Mark Trumball, writing in the CSMonitor outlines this risk: "It's hard to predict when a shift will occur, but at some point, many investment strategists warn, Treasury bonds will become the worst-performing bonds of all. That's precisely because these bonds are considered to be among the safest investor havens during hard times. If a crisis mind-set eases, Treasuries have run up so far in price that they have the furthest to fall."  Should this shift occur suddenly, not only will individual investors be in trouble, but large pensions funds who have difficulty moving quickly, will also suffer.

Inflation also plays a role.  Bond investors will demand some compensation for the increase in inflation, something that has been so far, benign. Robust recoveries usually indicate an increase in inflationary pressures and there is no indication that this recovery could be described that way. Bond gurus also point out that if the bond bubble should burst, should inflation suddenly spike, the retreat away from bonds will not mirror that sudden retreat investors in equities often exhibit.

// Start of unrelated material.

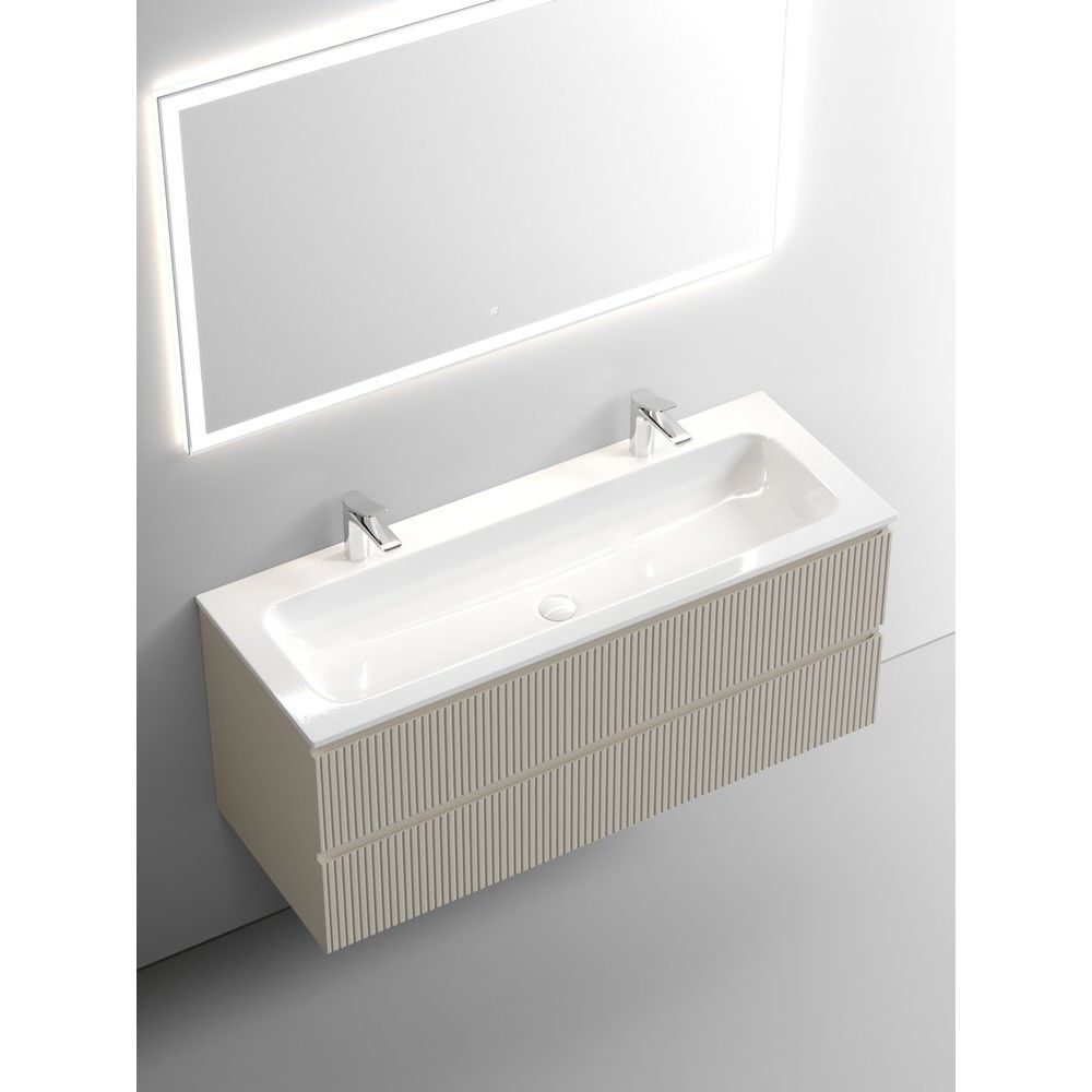 Тумба Sancos Snob T с размерами 119,5x44,5x50 см выполнена из высококачественного МДФ, покрытого пленкой. Подвесная установка и мягкие доводчики ящиков обеспечат комфорт и долговечность. Раковина Ceramicanova Element CN7016 размерами 121x45,7 см из фаянса имеет два отверстия для смесителей, но требует отдельной покупки донного клапана. Изящное зеркало Sancos City CI1200 с габаритами 120x2,5x70 см и регулируемой подсветкой управляется сенсорным выключателем.

Vanguard points out that the safety in bonds is likely to be less dramatic in large part because as bond prices drop, yield will increase. And this will keep many investors with a choice: keep the bonds they have flocked to or sell them for the rising opportunities in the equity markets. But Vanguard's prediction that investors will simply freeze may not take into account the nature of investor behavior. They are in bonds because they were frightened of losing their hard-earned money.  But if they see a return to out-sized gains in the stock markets, they may just vote with their feet again.

Vanguard argues that in no matter what happens, bond investors will still do good. In a bad economic situation, the point to historic likelihoods by suggesting the investors who stayed in bonds saw a high relative return.  In a good one, they point out the higher nominal returns will occur. They point out that the rise in interest rates will affect the short-term bond more than the long-term.  Their analysts see a rise (over the next five years) in 2-year Treasuries from 0.81% to 5.28% (rates for longer termed bonds will rise less dramatically from 4.43% to 5.56% over the same five year period).

But this depends on numerous factors including a steady inflation rate, the continued purchase of US debt by foreign banks, predictable increases in the Feds fund rates, modest GDP increases and you. If you hold steady, these predictions will probably come to fruition.  But if things improve in the equity markets and you panic, the bond bubble will burst, albeit slowly, in spite of Vanguard's argument that you will still do okay if you had done nothing.